A Catholic Advent

‘Tis the season to recover from the election – and see where the real hope lies. From the spectacle of vicarious attachments that we have been treated to for the past year, we are now faced with preparing for the great feast of Christmas, celebrating God’s gift of his attachment to us.

Spending time in a journalist-mediated relationship with a celebrity – of any political party – who wants to be my representative in local, state, or national government is trying to substitute part of their life for mine, when our time on earth is short. No more shallow relationship can exist. Unless it is through buying a product endorsed by someone we don’t actually know, who for some reason, is famous.

Since we will always long for something in which to place our hope, let us hope in the Lord. Advent leads us more deeply into this real relationship.

Benedict XVI told us: “the Gospel is not merely a communication of things that can be known – it is one that makes things happen and is life-changing. The dark door of time, of the future, has been thrown open. The one who has hope lives differently; the one who hopes has been granted the gift of a new life.” This Advent, these next weeks near the end of anno Domini 2016 can be life-changing, unlike any Advent we have had before.

The season of Advent is the time to learn how to hope differently. Beyond the vicarious living offered by celebrities and material things, we can pay more attention to the bursting hopefulness of God’s becoming Incarnate in our world – and thereby reaching out to us directly.

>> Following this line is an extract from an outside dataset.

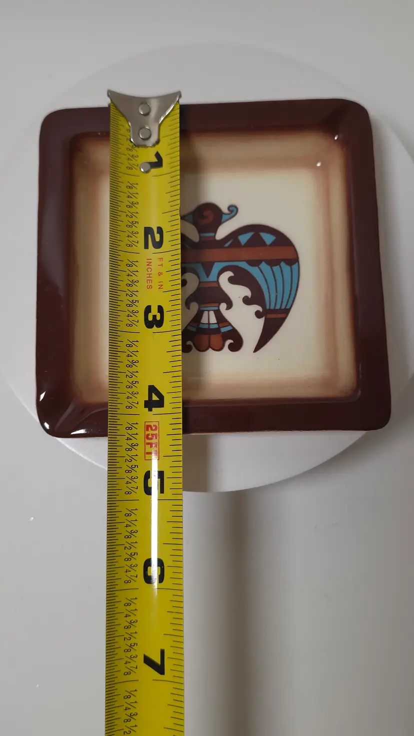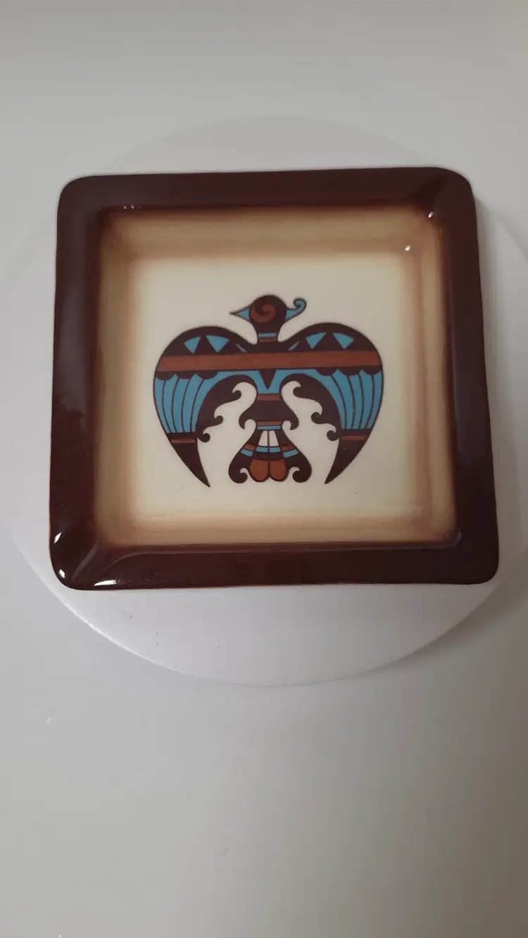 This vintage Sims Ceramic Thunderbird ashtray / trinket dish is a beautiful piece of Southwestern Native American folk art inspired piece, made in the United States. The ceramic ashtray features a unique Thunderbird design, adding a touch of Native American symbolism to any space. With its nostalgic charm and craftsmanship, this ashtray would make a great addition to any collection or a stylish decorative piece for any home.

Madonna and Child by Sandro di Pietro, c. 1470 [The Met. NYC]
Madonna and Child by Sandro di Pietro, c. 1470 [The Met. NYC]

A little purification is due here; after all, we are dealing with the Creator of the Universe who genuinely loves us. But the surface of our consciousness is mostly tied up with some things that are partly worthy of our attention and some things that are totally unworthy of our attention.

We will, quite soon, celebrate the glory of His coming, but before that let us prepare ourselves to see His glory because – though what we do and fail to do – we can block this vision. In the best of times, we don’t always see things clearly, don’t always understand things clearly. And our culture is very good at obscuring that part of life; it can throw dust in our eyes.

The Scriptures and the teaching of the Church when not skewed by many of the unconscious assumptions racing around our culture (and in a way any human culture) give us the right sense of humility (Confession helps), the right sense of our common humanity (help a homeless person), the right sense of the wonder that is to come on Christmas Eve.

It says something that, at this time of the year, we even have to touch up our sense of wonder. A knife that cuts an onion in one slice does not cause us to wonder beyond the ordinary realities of daily life. What God does in the Incarnation is like nothing else we experience in this world. By its very nature, it should engage our passion, our attention, and time – more than the time we spend, say, watching TV.

God demonstrates his real spiritual attachment, not just sharing worldly existence with us when He became man, but in the process, elevating and sanctifying us. This is an interpersonal knowing that is higher than vicarious or second-hand knowledge. We are meeting someone who genuinely knows us and who wills the best for us. And He brings us to know ourselves as we are known.

So, with so much to celebrate, let’s send Christmas cards that depict the mystery of the Incarnation and not photos of ourselves, which we can – and do – send any time of the year. This is just one way to signal the real spiritual attachments involved at Christmas, the real attachments to be reinvigorated and celebrated.

The commercial culture finds seductive substitutes for every element in Catholic life. The quantity of gifts distracts from the quality of the great gift of the divine Son Incarnate. The party culture displaces one aspect of real celebration in Advent: liturgical celebration, a celebration in which we wonder at goodness, beauty, and truth – rather than the usual hustle and bustle – to carry forward the celebration of true joy.

Advent also gives us a chance to appreciate the many great cultural artifacts that the Incarnation has inspired and the Church has encouraged: the thousands of Nativities in museums and on the web; the live concerts of the Messiah and many other exceptional pieces of music that proclaim the birth of the Prince of Peace. There is nothing in our superficial secular culture to match these depths and heights

God’s love poured out in the Incarnation affirms our value to God despite our sinfulness and concupiscence. He is, as Cardinal Ratzinger put it, opening us up “beyond the lattice-work of our egoism.” Just a few weeks ago, we read the story of Moses praying as Joshua fought the invader. Aaron and Hur held up his arms for him as he prayed. There is a common, communal part of religion that we perform together – and that bounds into the open at Christmas, when God Himself becomes a little baby.

As John the Evangelist said so simply: “He pitched his tent among us.” What a thing to prepare for! That preparation is Advent.